[PROVIDED RECORDS]

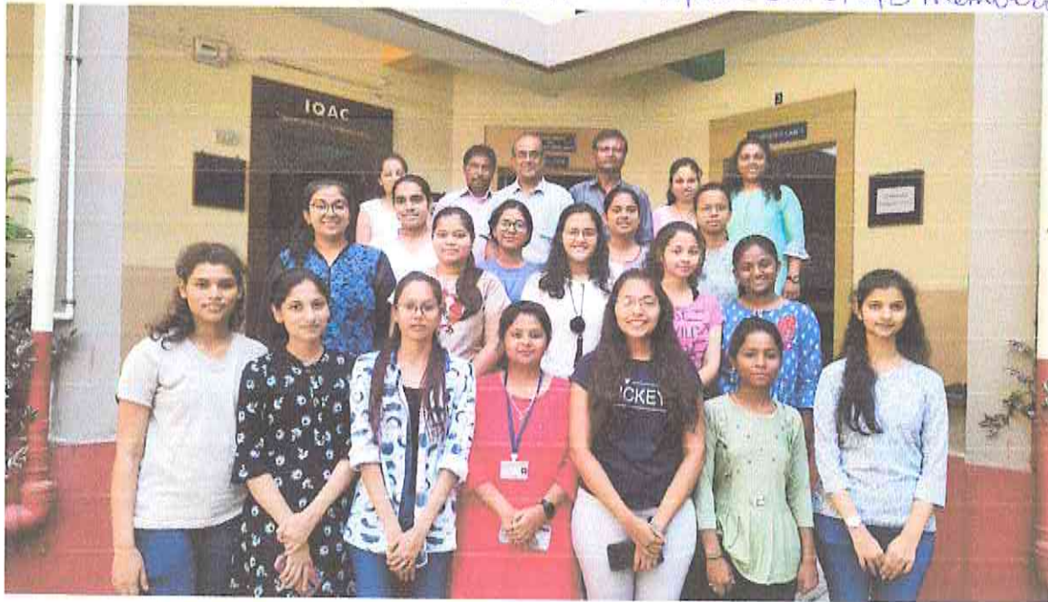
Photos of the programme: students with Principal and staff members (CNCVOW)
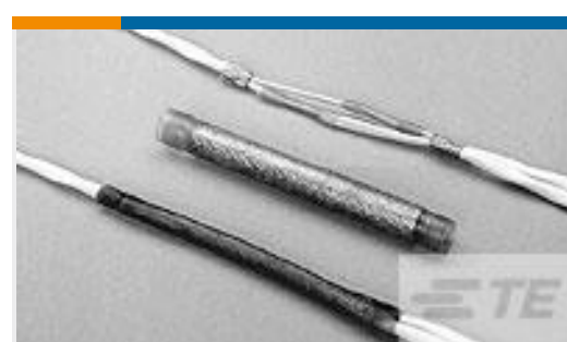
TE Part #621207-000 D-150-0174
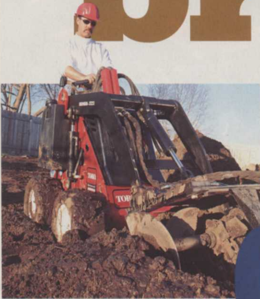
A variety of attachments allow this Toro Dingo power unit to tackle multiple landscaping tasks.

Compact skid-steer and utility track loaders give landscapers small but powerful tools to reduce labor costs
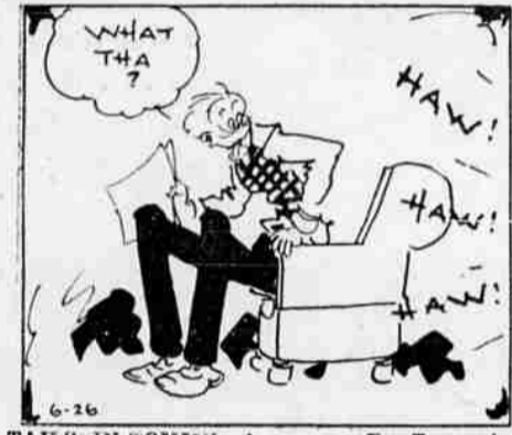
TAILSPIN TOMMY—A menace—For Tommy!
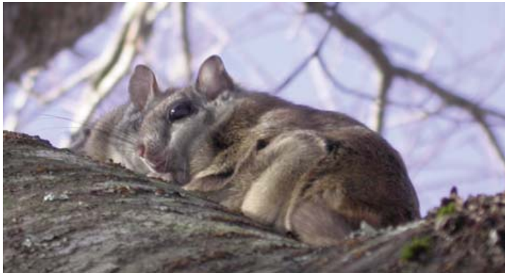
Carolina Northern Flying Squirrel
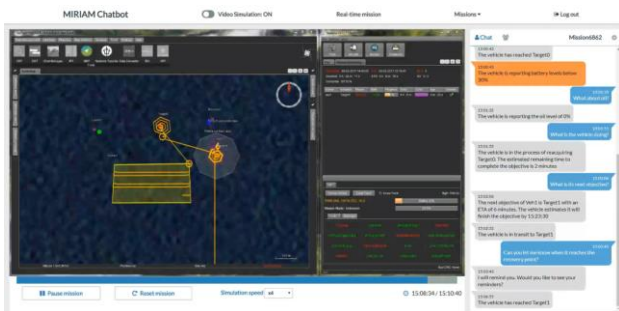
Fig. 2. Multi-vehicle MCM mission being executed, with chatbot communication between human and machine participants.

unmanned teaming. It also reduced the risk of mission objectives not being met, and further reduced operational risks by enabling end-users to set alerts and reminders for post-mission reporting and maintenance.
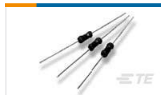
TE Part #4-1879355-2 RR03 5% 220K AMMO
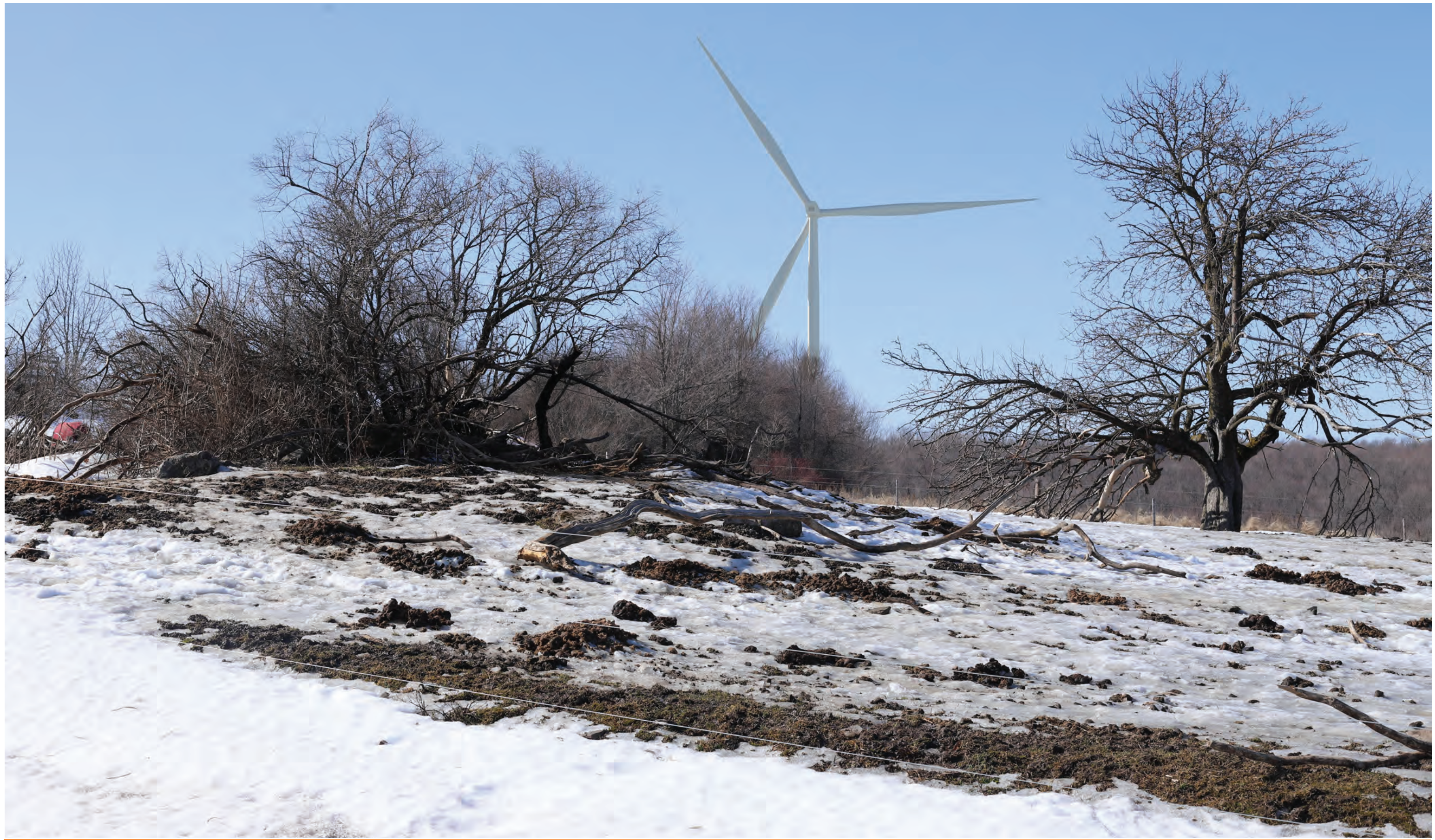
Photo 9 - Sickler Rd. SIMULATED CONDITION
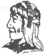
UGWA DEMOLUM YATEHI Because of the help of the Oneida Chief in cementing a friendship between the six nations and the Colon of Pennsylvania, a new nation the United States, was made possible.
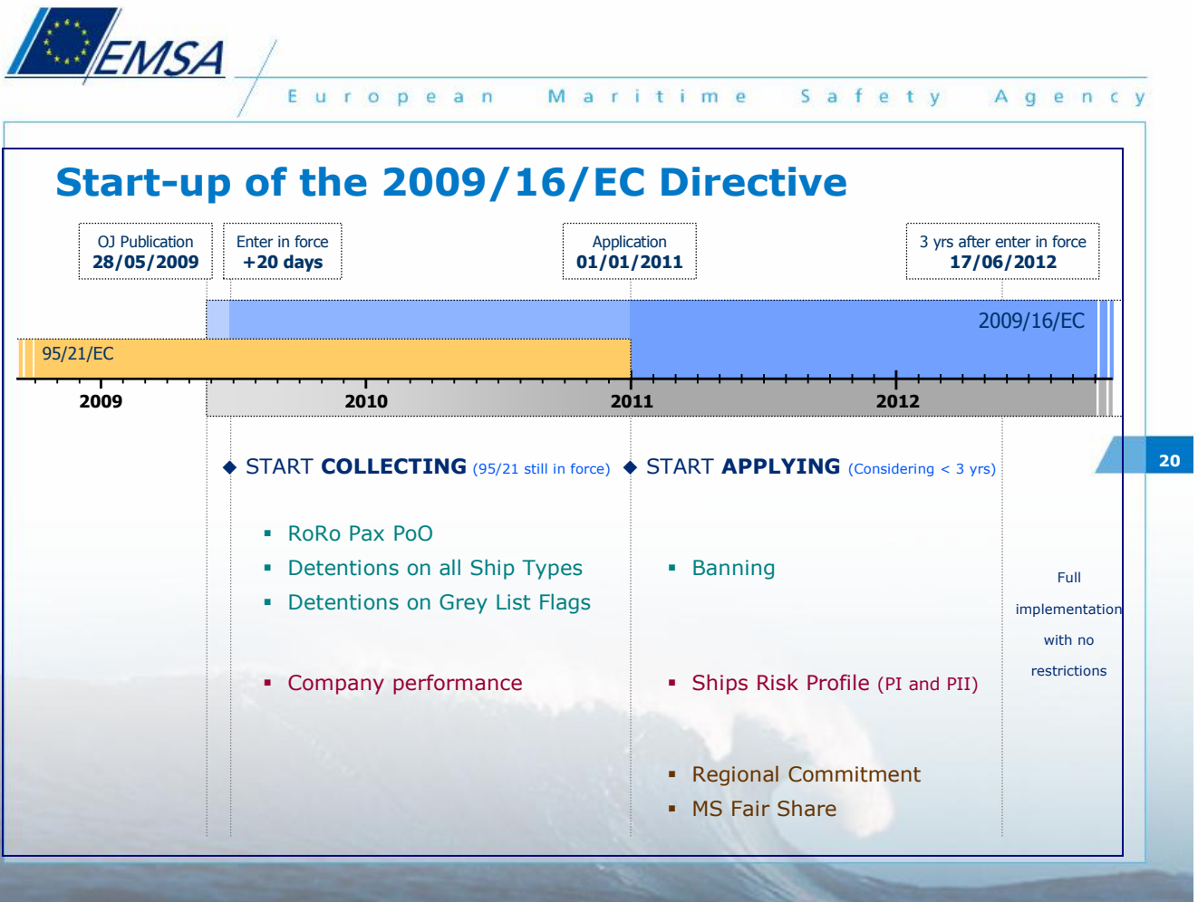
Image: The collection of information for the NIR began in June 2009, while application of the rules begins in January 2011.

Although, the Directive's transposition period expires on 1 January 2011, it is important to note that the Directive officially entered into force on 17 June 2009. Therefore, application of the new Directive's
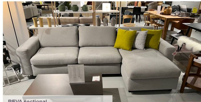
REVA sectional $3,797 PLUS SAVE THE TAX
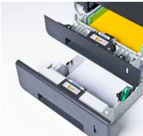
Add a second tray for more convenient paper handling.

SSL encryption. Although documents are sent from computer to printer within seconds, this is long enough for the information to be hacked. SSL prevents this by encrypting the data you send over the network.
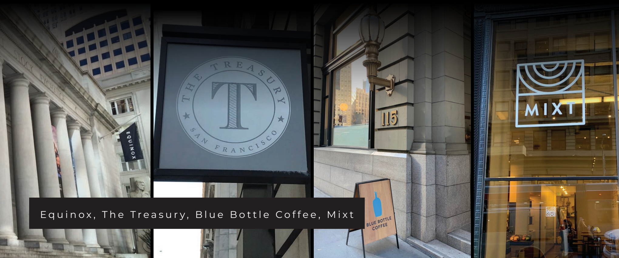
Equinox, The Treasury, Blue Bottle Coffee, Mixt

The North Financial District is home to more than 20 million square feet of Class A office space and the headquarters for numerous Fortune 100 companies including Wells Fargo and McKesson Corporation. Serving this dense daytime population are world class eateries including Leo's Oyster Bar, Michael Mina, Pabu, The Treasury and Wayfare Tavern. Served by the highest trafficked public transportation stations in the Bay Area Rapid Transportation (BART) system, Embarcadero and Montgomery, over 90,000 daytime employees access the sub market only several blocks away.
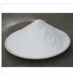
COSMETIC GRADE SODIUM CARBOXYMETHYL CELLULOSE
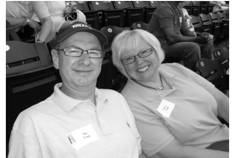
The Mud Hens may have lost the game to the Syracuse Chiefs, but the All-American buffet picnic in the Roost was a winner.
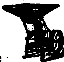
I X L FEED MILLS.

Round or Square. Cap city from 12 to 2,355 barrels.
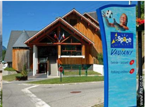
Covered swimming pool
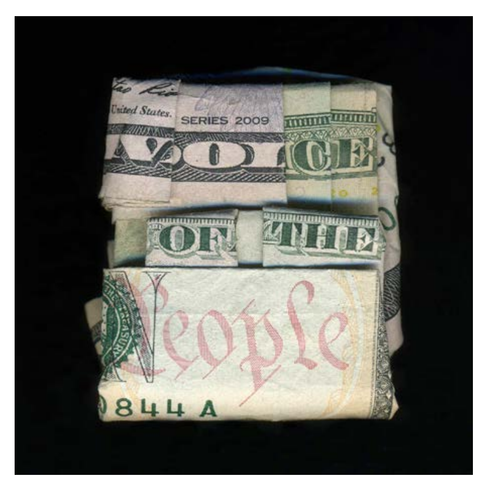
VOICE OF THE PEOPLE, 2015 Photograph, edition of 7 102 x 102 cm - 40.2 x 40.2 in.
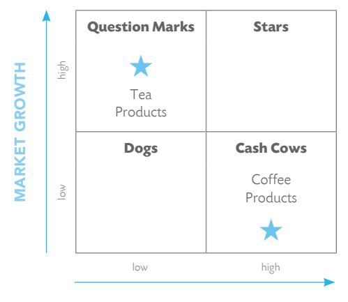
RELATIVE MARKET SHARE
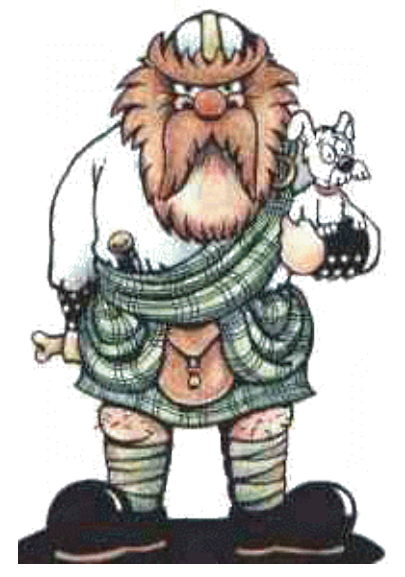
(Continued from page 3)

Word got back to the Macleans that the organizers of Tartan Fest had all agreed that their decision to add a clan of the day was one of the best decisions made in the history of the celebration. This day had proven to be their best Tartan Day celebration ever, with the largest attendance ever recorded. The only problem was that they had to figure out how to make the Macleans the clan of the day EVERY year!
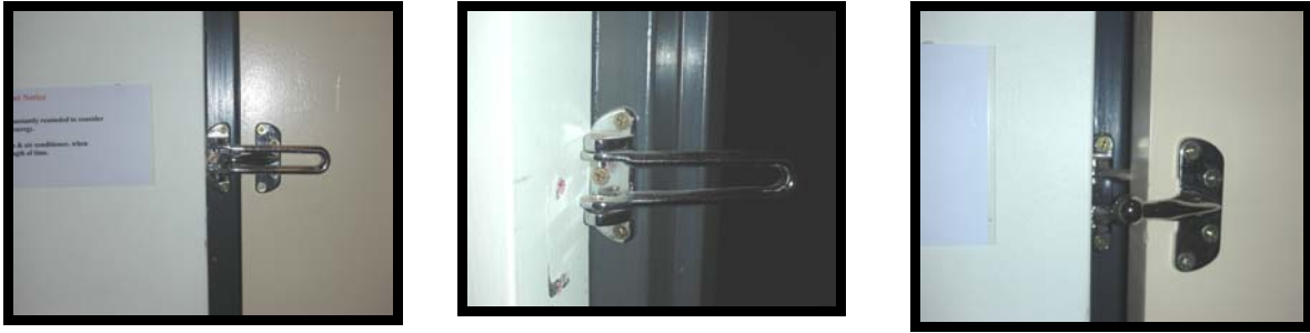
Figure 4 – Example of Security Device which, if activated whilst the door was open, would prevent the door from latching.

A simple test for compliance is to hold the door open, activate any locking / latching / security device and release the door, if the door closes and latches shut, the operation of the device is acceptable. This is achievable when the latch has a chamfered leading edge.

[/PROVIDED RECORDS]

* [PROBLEM STATEMENT]: From the line containing "Round or Square." down to the final line of the material, restate every line word for word, and only those; drop the pictures.

* [SOLUTION TO THE EXERCISE]:
Round or Square. Cap city from 12 to 2,355 barrels.
Covered swimming pool
VOICE OF THE PEOPLE, 2015 Photograph, edition of 7 102 x 102 cm - 40.2 x 40.2 in.
RELATIVE MARKET SHARE
(Continued from page 3)

Word got back to the Macleans that the organizers of Tartan Fest had all agreed that their decision to add a clan of the day was one of the best decisions made in the history of the celebration. This day had proven to be their best Tartan Day celebration ever, with the largest attendance ever recorded. The only problem was that they had to figure out how to make the Macleans the clan of the day EVERY year!
Figure 4 – Example of Security Device which, if activated whilst the door was open, would prevent the door from latching.

A simple test for compliance is to hold the door open, activate any locking / latching / security device and release the door, if the door closes and latches shut, the operation of the device is acceptable. This is achievable when the latch has a chamfered leading edge.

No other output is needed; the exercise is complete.